> Work task
Each record below gets repeated exactly, and pictures stay out of the copy.

> Material for this task
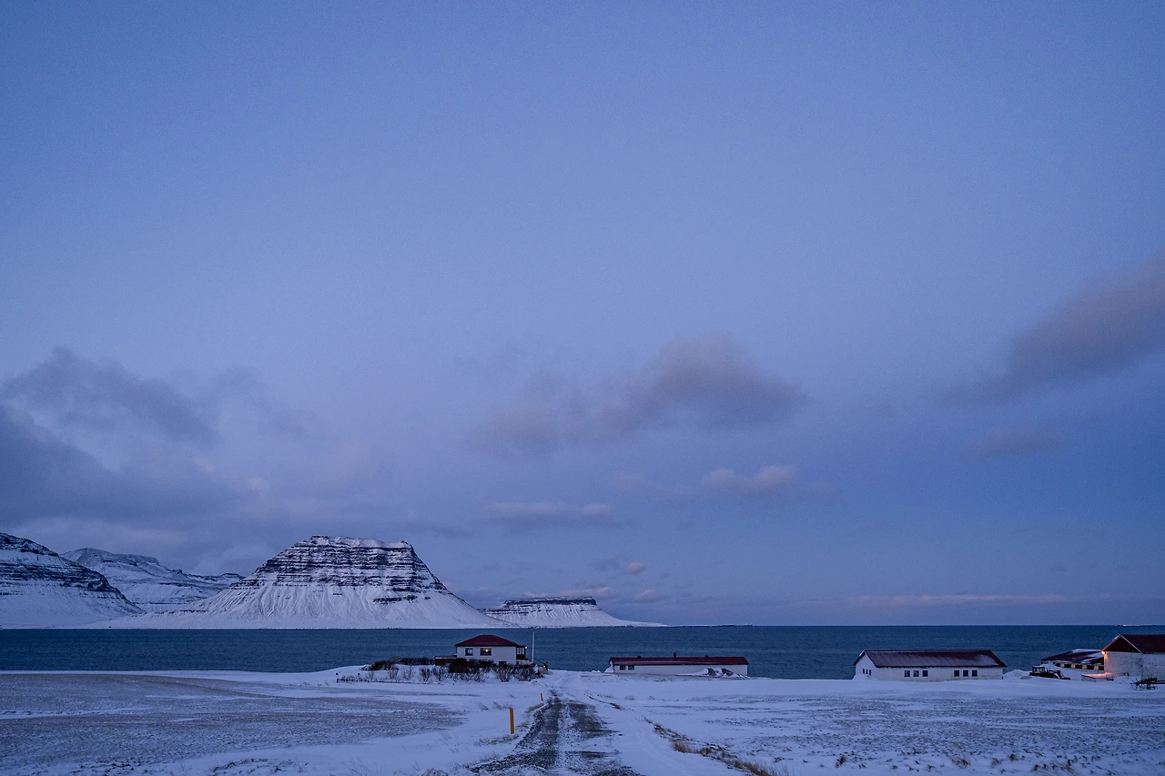 스네이펠스네스 반도의 이 작은 동네에서 이렇게나 많은 이야기를 남겨놓고 가게될 것이라고는 사실 예상하지 못했기 때문에, 귀향에 대한 감정과 별개로 떠나기 전에 잠시 숙소에서 보이던 동네의 전경과 저 멀리 바다까지 잠시동안 바라보았다. 22년 겨울의 대숲사진가의 일부를 이 동네에 두고 간다는 생각을 하며, 고개를 돌리니 바다 반대편으로 하늘이 밝아오고 있었다. 다시 해가 뜨기전에는 스네이펠스네스 반도를 벗어나야 했기에 이제 더는 지체하지 않기로 마음 먹고 차에 올랐다. 약 이틀 동안 얼굴도 본적 없었지만, 좋은 숙소를 마련해 주었던 에어비엔비 호스트에게도 마음 속으로 인사를 전했다.
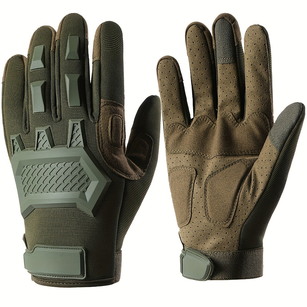 1 Pair of Full-Finger Touchscreen Gloves for Adults - Microfiber, Breathable Perforated Design, Adjustable Hook-and-loop Fastener Strap, Brown, Ideal for Outdoor Activities, Hand Gloves
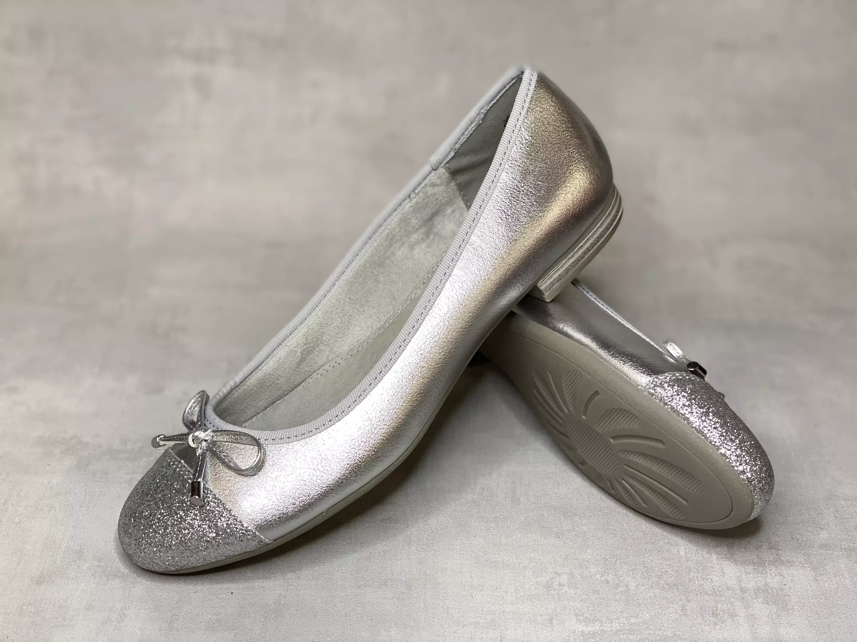 Hopeiset Marco Tozzi by Guido Maria Kretschmer ballerinat. Sievä koristerusetti ja glitterinkimaltava kärki antavat perinteiselle ballerinalle juhlavaa ilmettä. Pehmeä tekstiilivuori. Sisäpohjan pintamateriaali on nahkaa.
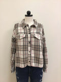 She and Sky Jacket Cream Brown Plaid Long Sleeve
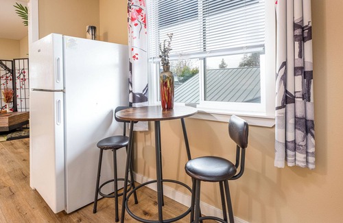 audrey enters into a full kitchen including a four person dining space Chandeliers bathe you in golden light, as you ready at the vintage vanity. A queen sized memory foam bed, loveseat, record player, and vibrant bathroom with standup shower complete the space. There is an additional twin sized daybed, and a twin sized trundle, for two additional guests.
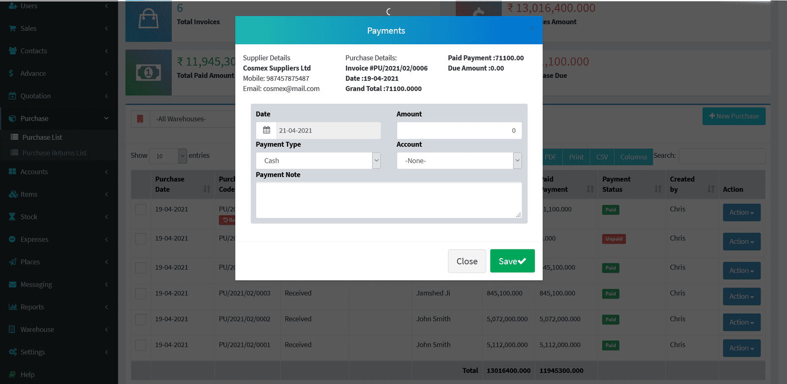 Suppliers -> Suppliers List -> Action Button -> Due Payments
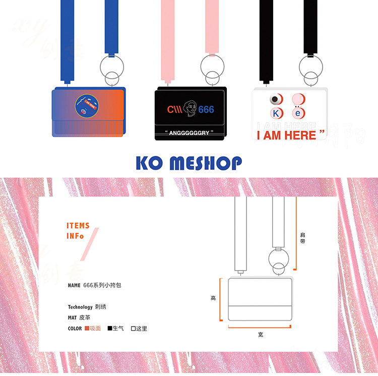 komeshop666渐变小挎包-黑色/橙色/白色
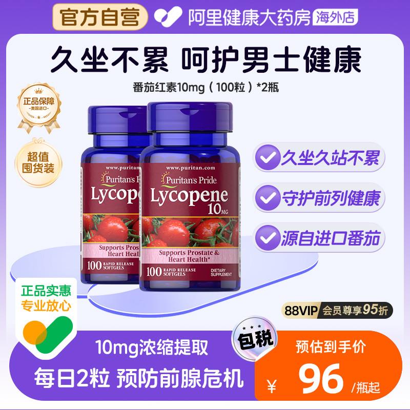 2瓶普麗普萊番茄紅素軟膠囊10mg100粒美國進口蕃茄紅素男士西紅柿
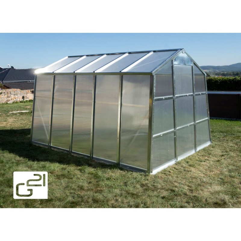 Skleník G21 GA-59 3,1 x 2,51 m se základnou je vhodný pro každou zahradu. Má dobré termoizolační vlastnosti, díky kterým si budete moci prodloužit pěstitelskou sezónu.Zahradní skleník má novou konstrukci z kvalitních pozinkovaných profilů a prosklení skleníku zajišťuje výplň z dutinkového polykarbonátu o tloušťce 4 mm, který má po jedné straně UV folii, díky které polykarbonát nežloutne a nekřehne.
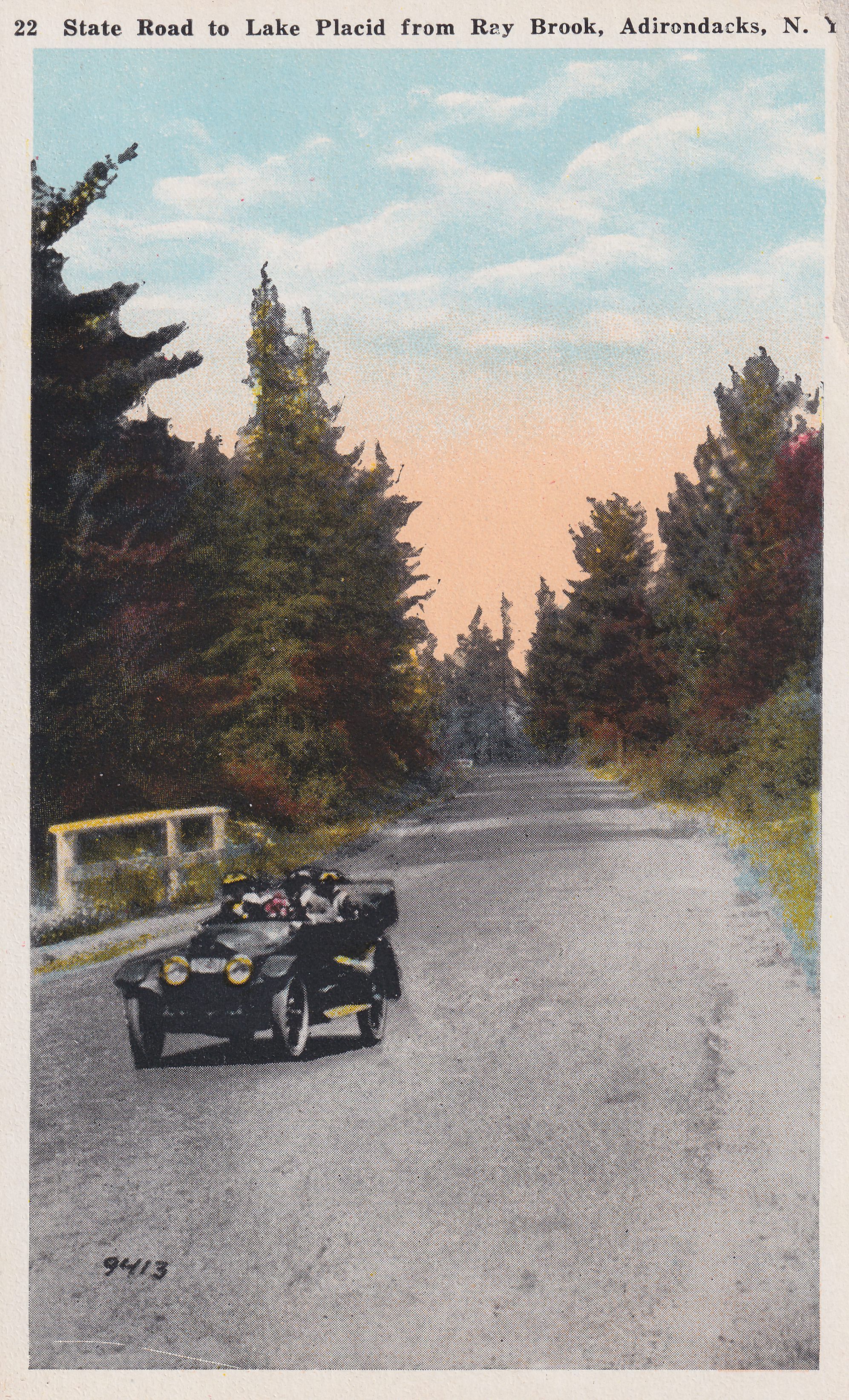 Color postcard showing an early model car driving down a road. Printed caption on front reads, "State Road to Lake Placid from Ray Brook, Adirondacks, N. Y." No printer's mark. Unused, divided back, white border.Subject Place
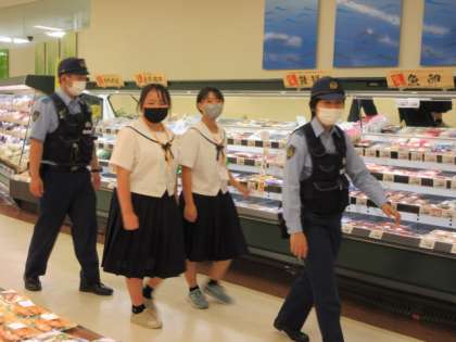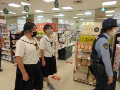 「社会に学ぶ『14歳の挑戦』」その44 公開日 2022/07/07 更新日 2022/07/07 14歳の挑戦 中央警察署での活動の様子です。 警察官の方と一緒にスーパー店内を見回りました。 私たち市民の安全を守ってくださっています。感謝です。

> Your solution
 스네이펠스네스 반도의 이 작은 동네에서 이렇게나 많은 이야기를 남겨놓고 가게될 것이라고는 사실 예상하지 못했기 때문에, 귀향에 대한 감정과 별개로 떠나기 전에 잠시 숙소에서 보이던 동네의 전경과 저 멀리 바다까지 잠시동안 바라보았다. 22년 겨울의 대숲사진가의 일부를 이 동네에 두고 간다는 생각을 하며, 고개를 돌리니 바다 반대편으로 하늘이 밝아오고 있었다. 다시 해가 뜨기전에는 스네이펠스네스 반도를 벗어나야 했기에 이제 더는 지체하지 않기로 마음 먹고 차에 올랐다. 약 이틀 동안 얼굴도 본적 없었지만, 좋은 숙소를 마련해 주었던 에어비엔비 호스트에게도 마음 속으로 인사를 전했다.
 1 Pair of Full-Finger Touchscreen Gloves for Adults - Microfiber, Breathable Perforated Design, Adjustable Hook-and-loop Fastener Strap, Brown, Ideal for Outdoor Activities, Hand Gloves
 Hopeiset Marco Tozzi by Guido Maria Kretschmer ballerinat. Sievä koristerusetti ja glitterinkimaltava kärki antavat perinteiselle ballerinalle juhlavaa ilmettä. Pehmeä tekstiilivuori. Sisäpohjan pintamateriaali on nahkaa.
 She and Sky Jacket Cream Brown Plaid Long Sleeve
 audrey enters into a full kitchen including a four person dining space Chandeliers bathe you in golden light, as you ready at the vintage vanity. A queen sized memory foam bed, loveseat, record player, and vibrant bathroom with standup shower complete the space. There is an additional twin sized daybed, and a twin sized trundle, for two additional guests.
 Suppliers -> Suppliers List -> Action Button -> Due Payments
 komeshop666渐变小挎包-黑色/橙色/白色
 2瓶普麗普萊番茄紅素軟膠囊10mg100粒美國進口蕃茄紅素男士西紅柿
 Skleník G21 GA-59 3,1 x 2,51 m se základnou je vhodný pro každou zahradu. Má dobré termoizolační vlastnosti, díky kterým si budete moci prodloužit pěstitelskou sezónu.Zahradní skleník má novou konstrukci z kvalitních pozinkovaných profilů a prosklení skleníku zajišťuje výplň z dutinkového polykarbonátu o tloušťce 4 mm, který má po jedné straně UV folii, díky které polykarbonát nežloutne a nekřehne.
 Color postcard showing an early model car driving down a road. Printed caption on front reads, "State Road to Lake Placid from Ray Brook, Adirondacks, N. Y." No printer's mark. Unused, divided back, white border.Subject Place
 「社会に学ぶ『14歳の挑戦』」その44 公開日 2022/07/07 更新日 2022/07/07 14歳の挑戦 中央警察署での活動の様子です。 警察官の方と一緒にスーパー店内を見回りました。 私たち市民の安全を守ってくださっています。感謝です。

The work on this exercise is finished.